Copper is an essential mineral for all higher organisms, serving as a redox-active cofactor for physiological processes, including respiration (1, 2), antioxidant defense (3, 4), neurotransmitter synthesis and metabolism (5), epigenetic modifications (6), and emerging roles in dynamic signaling networks (7–11). This same redox activity also poses a potential danger, requiring highly orchestrated regulation of copper pools to prevent oxidative stress and free radical damage events that are detrimental to health (12–18). Indeed, genetic disorders that disrupt copper homeostasis lead to severe and lethal conditions such as Menkes and Wilson’s diseases (13, 19, 20), and imbalances in physiological copper levels and tissue miscompartmentalization arising from genetic and/or dietary factors are correlated with cancer, neurodegenerative diseases, and metabolic disorders such as obesity, diabetes, and nonalcoholic fatty liver disease (NAFLD) (21–32).
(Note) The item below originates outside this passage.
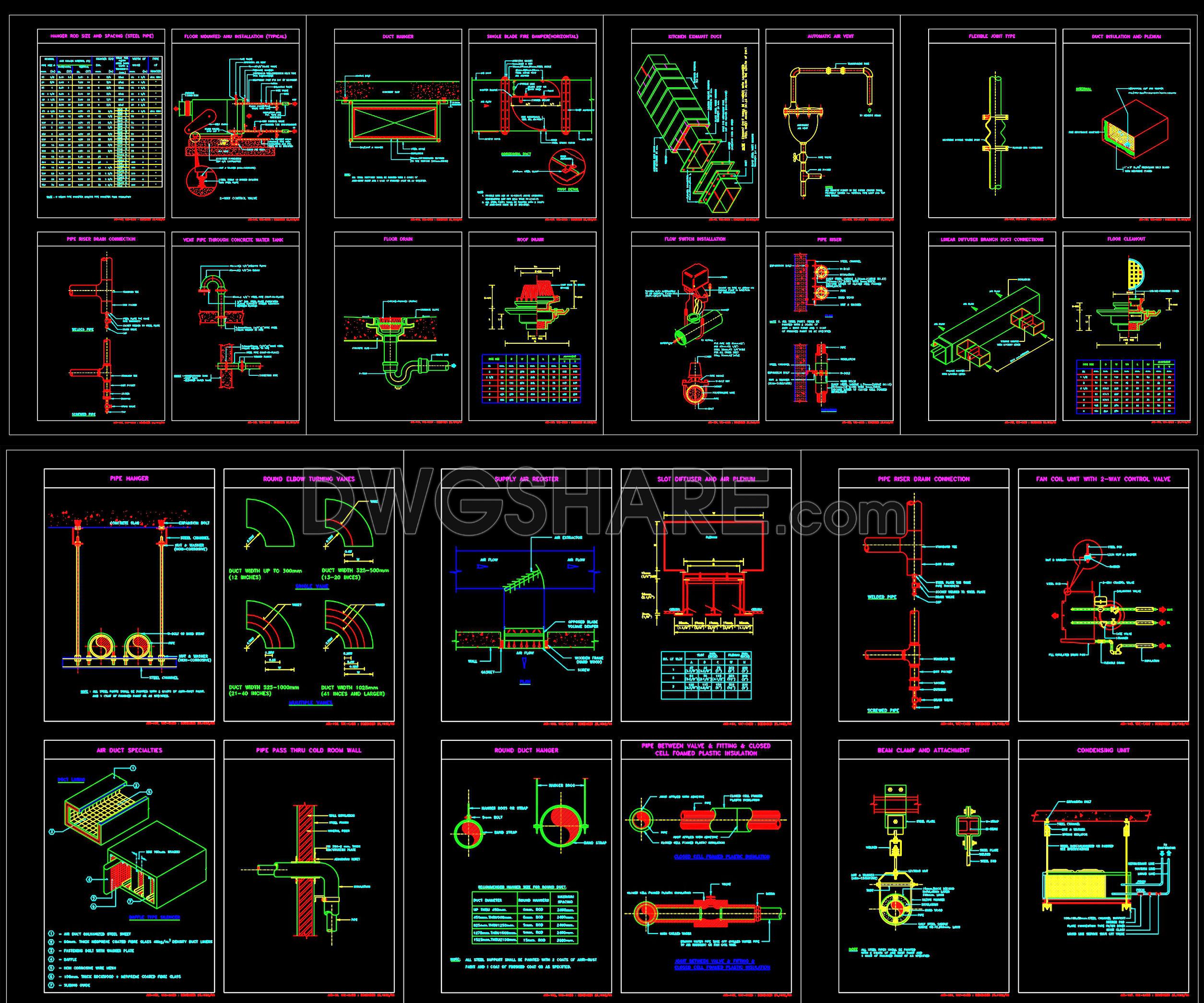 This drawing set brings together a comprehensive collection of MEP typical details essential for real-world design and construction. It covers everything from pipe hangers, hanger rod sizing, riser and drain connections, to HVAC installations such as floor-mounted AHUs, fan coil units with control valves, condensing units, flexible joints, and flow switch installations. The set also includes detailed air distribution and ductwork drawings—fire dampers, diffusers, air registers, duct hangers, insulation, plenums, turning vanes, and kitchen exhaust ducts—ensuring proper airflow performance and safety compliance. In addition, critical plumbing and drainage details like floor drains, roof drains, vent pipes through concrete water tanks, cold room wall penetrations, and floor cleanouts are clearly illustrated.

This central importance of copper in biology motivates the development of technologies to enable monitoring of labile, loosely bound copper pools in living systems to disentangle contributions of global (whole animal) and/or local (tissue specific) copper dynamics in healthy and disease states (9, 16, 33). However, the vast majority of these tools have been limited to dissociated cell culture and related thin specimens (e.g., zebrafish), and current examples of in vivo copper imaging in mammalian models remain rare owing to the challenges of coupling a selective and sensitive response to copper with modalities that offer tissue penetration at appropriate depths (16, 34–39). Moreover, none of these technologies allow for in vivo copper imaging in a targeted cell- or tissue-specific manner.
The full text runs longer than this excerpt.